# Individual Breeding Pens



## brown7683 (May 9, 2011)

Ok I have heard some people swear by individual pens some say to much trouble. I have some breeders in individual pens and I have some breeders in the breeder loft. I have 3 pair in the individual pens that have done nothing didn't lay a thing. But in the loft its been great as normal. So is the individual pens keeping them from breeding should I just move them back to the loft?


----------



## preacher boy (Sep 22, 2010)

brown7683 said:


> Ok I have heard some people swear by individual pens some say to much trouble. I have some breeders in individual pens and I have some breeders in the breeder loft. I have 3 pair in the individual pens that have done nothing didn't lay a thing. But in the loft its been great as normal. So is the individual pens keeping them from breeding should I just move them back to the loft?


Not sure what size your individual pens are,but I have 24in.by 24 by 24. Individual breeding pens and my pigeons breed,and raise their young without any problems.


----------



## almondman (Aug 22, 2009)

Could be just an old wife's tale, but old timers I have known swear that males try harder when the hens are exposed to other males around them in an open loft. Might even be more fertile Seemed to work that way in the bars I used to go to.
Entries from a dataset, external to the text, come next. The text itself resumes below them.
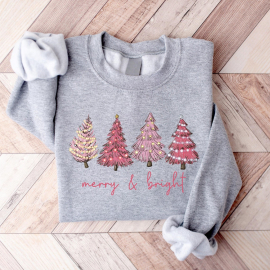 Pink Merry and Bright Christmas Tree Sweatshirt, Cute Women Christmas Crewneck, Holiday Sweatshirt, Winter Sweatshirt, Christmas Sweater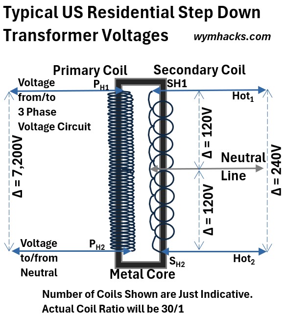 or  a typical single phase step down transformer that feeds you house (see the picture below)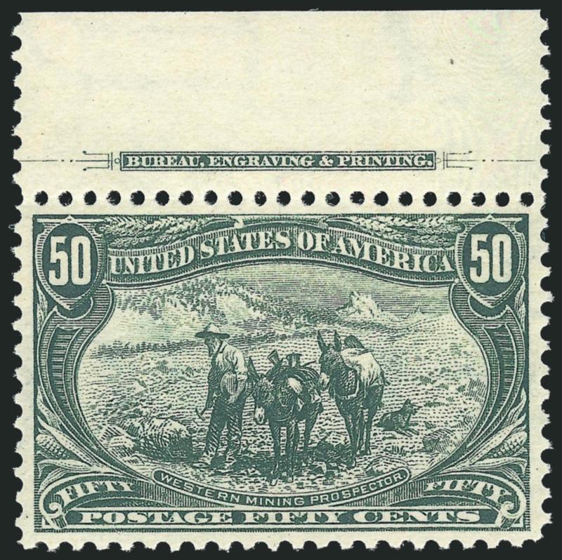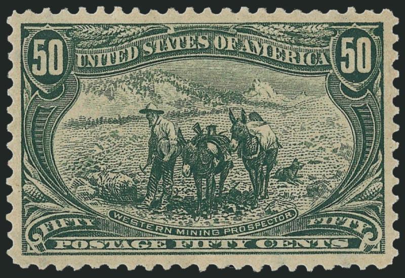 EXTREMELY FINE. AN OUTSTANDING MINT NEVER-HINGED EXAMPLE OF THE 50-CENT TRANS-MISSISSIPPI ISSUE. A VERY DIFFICULT ISSUE TO FIND IN THE HIGHER GRADES.
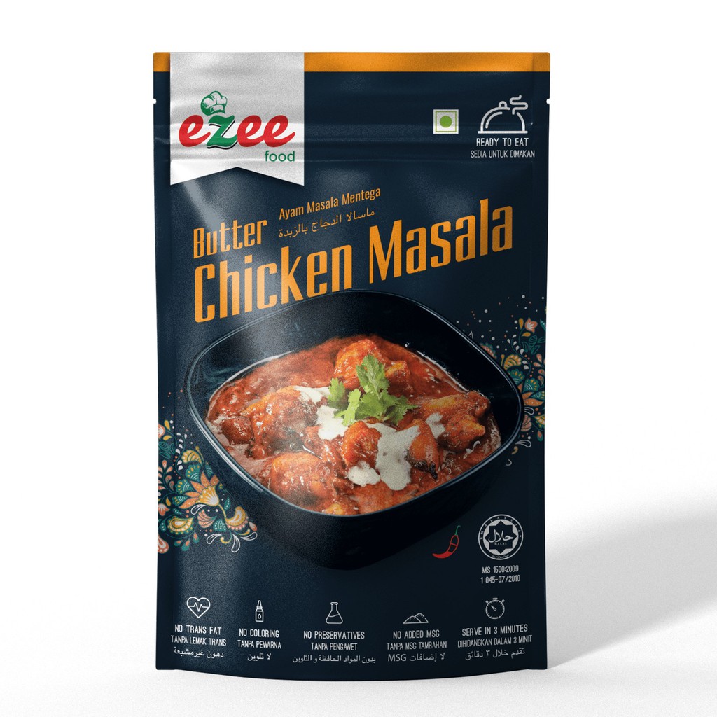 EZEEFOOD BUTTER CHICKEN MASALA / AYAM MASALA MENTEGA 180G GLUTEN FREE READY TO EAT MRTE / RTE MEALS TRAVEL INSTANT FOOD
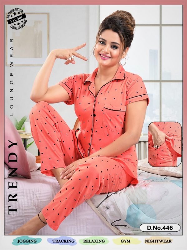 Arjey’s Women’s Cotton Printed Night Suit Set of Short Sleeves Shirt with Pajama – Carrot Orange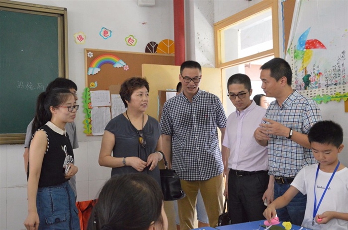 7月15日上午,温州市教育局副局长安晋、高教处处长黄万统等一行来到我院工商系暑期社会实践的驻扎地——温州滨海学校,看望了正在进行暑期社会实践的师生们。院学生处处长叶吉波、工商系党总支书记李建中、温州滨海学校校长兼书记章魁立等陪同走访。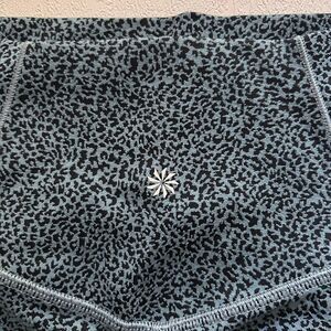Athleta Salutation Stash II leggings in a textured teal/black animal-like print. Size XS. These high-rise tights feature stash side pockets, a supportive waistband, and a sleek yet soft fit that’s perfect for yoga, gym, or casual wear.
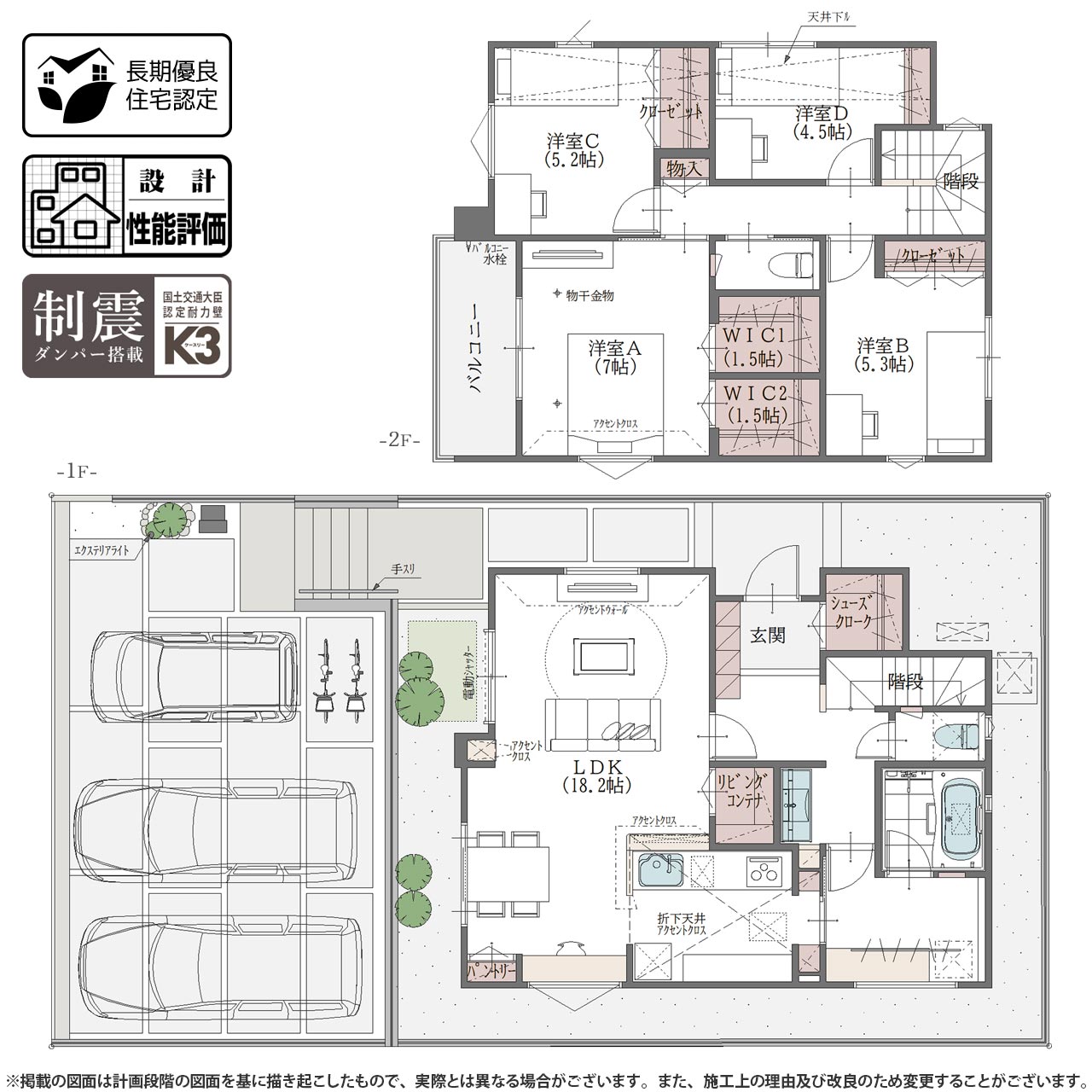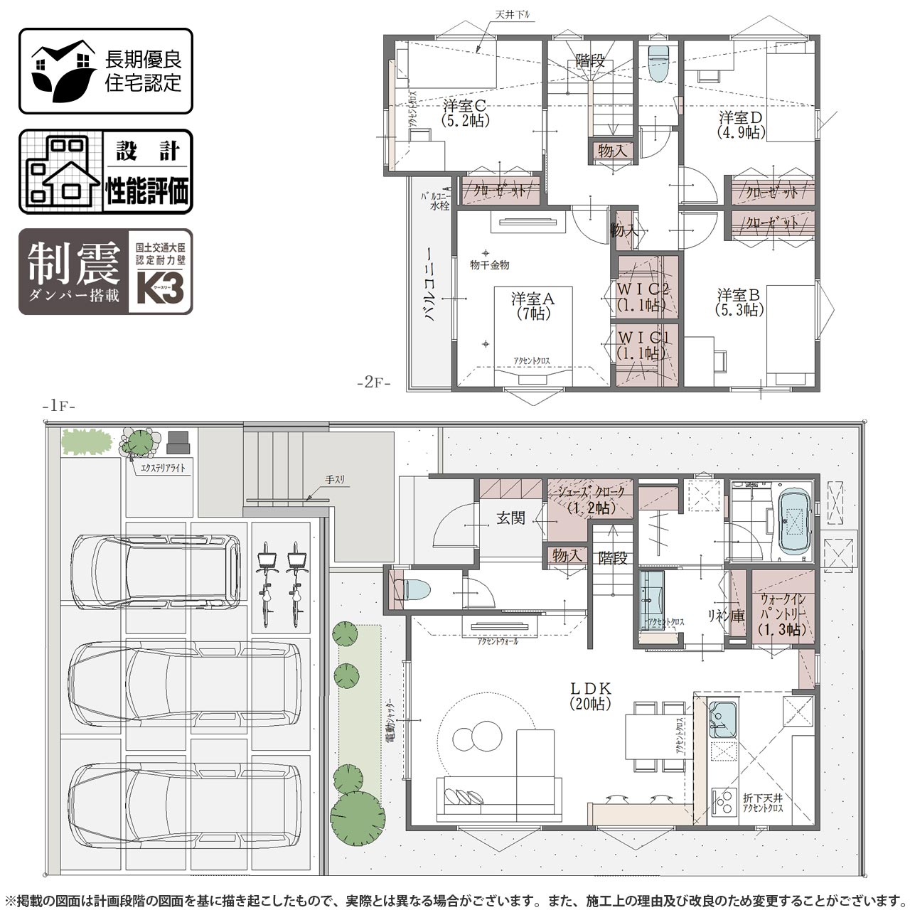 | 備考2 | ※各号地の上空を電線が通過します。 ※掲載の図面は計画段階の図面を基に描き起こしたもので、実際とは異なる場合がございます。また、施工上の理由及び改良のため変更することがございます。 ※カースペース:3台(3台目は軽自動車対応となります。) ※こちらの物件は予告広告です。本広告を行い、取引を開始するまでは、契約及び予約のお申し込みは一切できません。また、申し込み順位の確保に関する措置は講じられません。予めご了承ください。(2026年6月中旬販売開始予定) |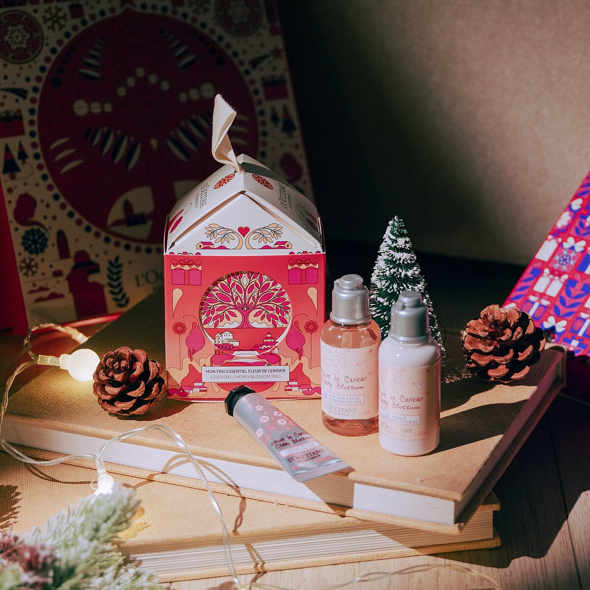 深受女孩喜愛的櫻花系列,清雅香氣與夢幻淡粉外型,絕對是必入手的口袋名單!組合特別搭配沐浴膠、美體乳及護手霜基礎保養,收進粉紅聖誕小屋裡攜帶有型,掛在聖誕樹上也是最可愛的驚喜!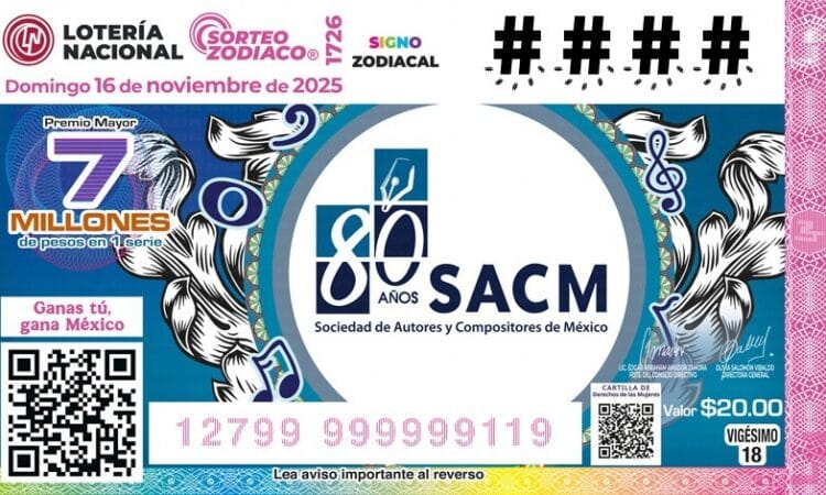 El 80° Aniversario de la Sociedad de Autores y Compositores de México (SACM) recorrerá el país en el billete del Sorteo Zodiaco No. 1726 de Lotería Nacional, que reconoce su labor en la protección de las obras intelectuales, su vínculo con la música, la identidad nacional, la cultura de la legalidad y la justa retribución para quienes ejercen esta profesión.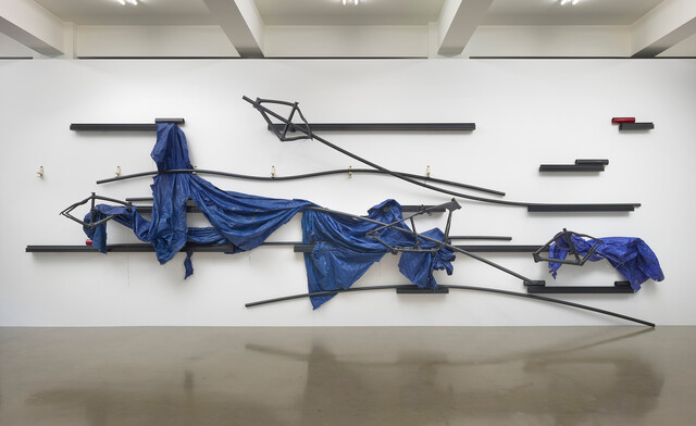 Metal rails, anodized pipes, painted pipes, plastic pipes, tarp, bike frames, motorcycle frame, mylar foil, 390 × 1260 × 35 cm.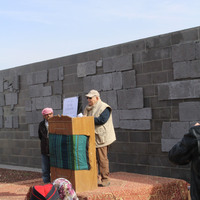 Jordan. Umm al Jimal, Prince Ra'ad bin Zeid giving a speech at groundbreaking ceremony, visitors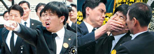 韓國去年5月29日為盧武鉉舉行葬禮。遺體告別儀式上,當李明博起身準備向盧武鉉遺像獻花時,白元宇突然朝他大喊“你是政治殺人犯”“請李總統(tǒng)道歉”。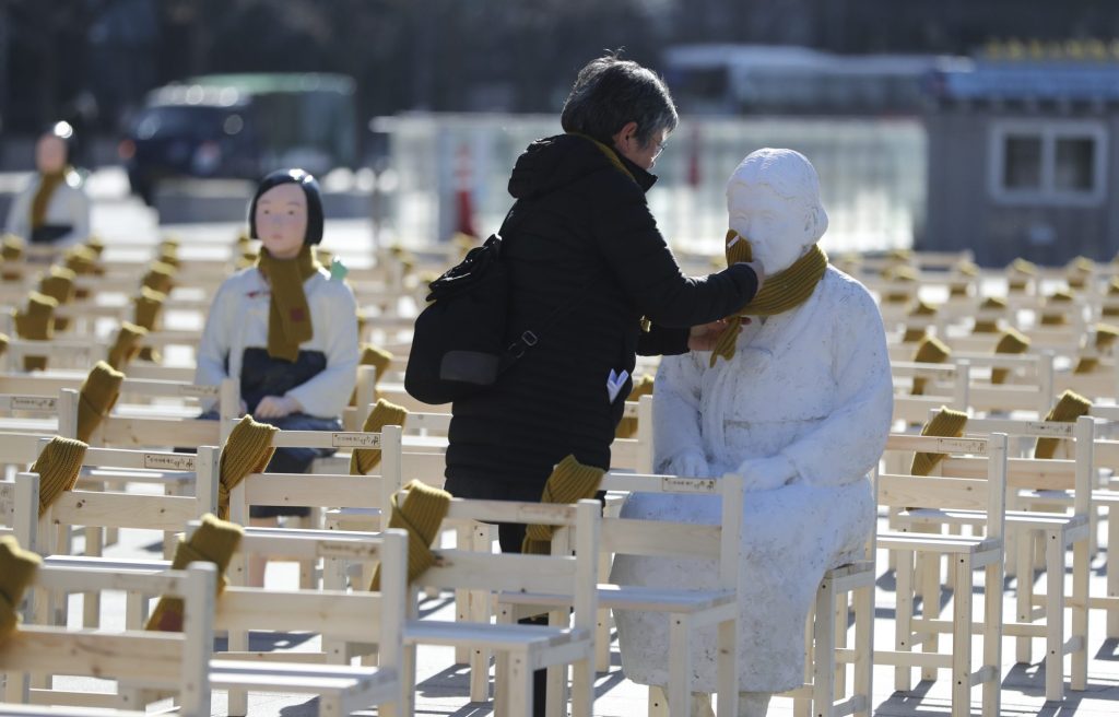 Under the deal, Japan agreed to provide 1 billion yen ($8.8 million) in cash payments to the dwindling number of surviving victims, while South Korea said it will try to resolve Japanese grievance over the statue in front of the embassy.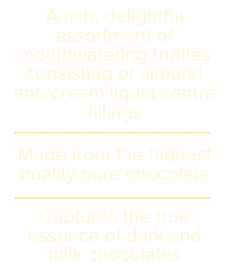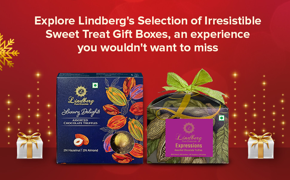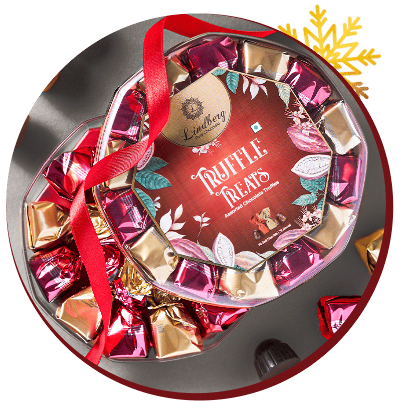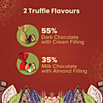 About the productDelight in Lindberg Truffle Treats Gift Box, a symphony of exquisite flavours. Revel in the intense allure of 55% dark chocolate with a velvety cream filling, offering a taste of pure indulgence. Complementing this, experience the silky smoothness of 35% milk chocolate infused with an almond filling, creating a delightful balance. This assorted collection, featuring two luxurious flavours, invites you to elevate your chocolate experience. Indulge in the perfect union of premium chocolates and sumptuous fillings, making each bite a moment of refined bliss. Lindberg Truffle Treats promises a decadent journey for discerning chocolate connoisseurs. This gift box contains a total of 14 chocolate truffles, featuring 7 pieces each of 55% Dark Chocolate with Cream Filling 35% Milk Chocolate with Almond Filling.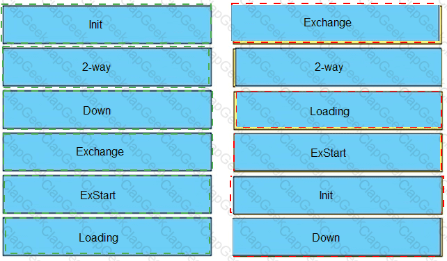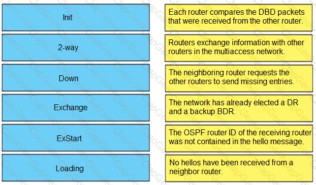 Drag and drop the OSPF adjacency states from the left onto the correct descriptions on the right.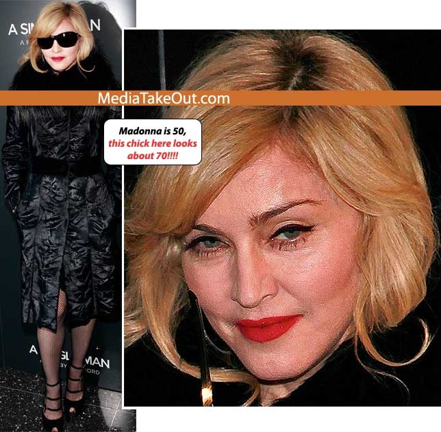 LOL! @ the smug expression. She's posing like she looks like Halle Berry, Jessica White or Megan Fox. It is better to age naturally, than butcher one's face with bad plastic surgery After hiding her mug for weeks (it was great not being accosted by that face when I visited music news sites these past few weeks) Madonna has regrettably resurfaced, now that the plastic surgery scars have healed and amazingly, once again, looks worse than before. How does she do it!

All kidding aside, if the breeder cages are the right size for the breed, and all else being equal, it shouldn't make much difference between cage or loft breeding. Don't have an answer for you.


----------



## ThaoLoft (Feb 28, 2012)

i have a 24 length, 13 width and 13 height, works great! barley started about a month ago and on second round of babies.


----------



## brown7683 (May 9, 2011)

Well I posted this earlier cause I have one pair that when in open loft laid 2 rounds for me. But been in individual pen for over month and nothing. Then I went and ran some errands and come home and boom they finally laid tonight. My pens are 30x24x24. I have used them and worked before. I have couple pairs in there own pens already down on eggs so I know they would work just didn't know why this paticular pair wasn't laying. Guess they just took there time is all lol.


----------



## klondike goldie (Apr 20, 2009)

I breed mine in individual pens 24"x32"x48" they work great. The babys learn how to eat and drink without being picked on by other birds, and you always know who the parents are. I put them on lights a couple of weeks before I put them together, they don't waste any time.


----------



## ThaoLoft (Feb 28, 2012)

lol. i had that concern one time too. and then one night, BOOM! they all laid eggs! at the same time. which was cool same timing means hacthing time will all be the same! . but except for one of my pairs also. i figured out later that they were both females. lol...one of the female acted very cocky, *i got tricked! lol. patients is key i guess. 



brown7683 said:


> Well I posted this earlier cause I have one pair that when in open loft laid 2 rounds for me. But been in individual pen for over month and nothing. Then I went and ran some errands and come home and boom they finally laid tonight. My pens are 30x24x24. I have used them and worked before. I have couple pairs in there own pens already down on eggs so I know they would work just didn't know why this paticular pair wasn't laying. Guess they just took there time is all lol.


----------



## Wingsonfire1 (Mar 26, 2012)

I like them, here are mine.


----------



## 808flyer (Jan 20, 2012)

Wingsonfire1 said:


> I like them, here are mine.


That is a cool setup wings on fire! How long does is take you daily to maintain that setup? I have a 5 stall 24x24x24 and it takes me longer to take care of then my entire racing loft. I have individual drawers under each stall to catch the waste. I think it's the best way to go but man some times a pain.
Keoni


----------



## MaryOfExeter (Sep 30, 2007)

Some pairs do better in the loft, some do better separated. It helps if the cockbirds have been in the individual cages for a week before introducing the hen. Time apart makes the heart grow fonder LOL


----------



## Paragon Loft (Jun 27, 2009)

*Breeding pens*

These are some of mine individual breeding pens


----------



## almondman (Aug 22, 2009)

Wingsonfire1 said:


> I like them, here are mine.


Are those rabbit j-feeders on the front panels?


----------



## MaryOfExeter (Sep 30, 2007)

Those rabbit feeders work pretty good. My problem is that I didn't have any covers for the tops of mine so I stopped using them.


----------



## Matt M (Mar 2, 2011)

brown7683 said:


> Ok I have heard some people swear by individual pens some say to much trouble. I have some breeders in individual pens and I have some breeders in the breeder loft. I have 3 pair in the individual pens that have done nothing didn't lay a thing. But in the loft its been great as normal. So is the individual pens keeping them from breeding should I just move them back to the loft?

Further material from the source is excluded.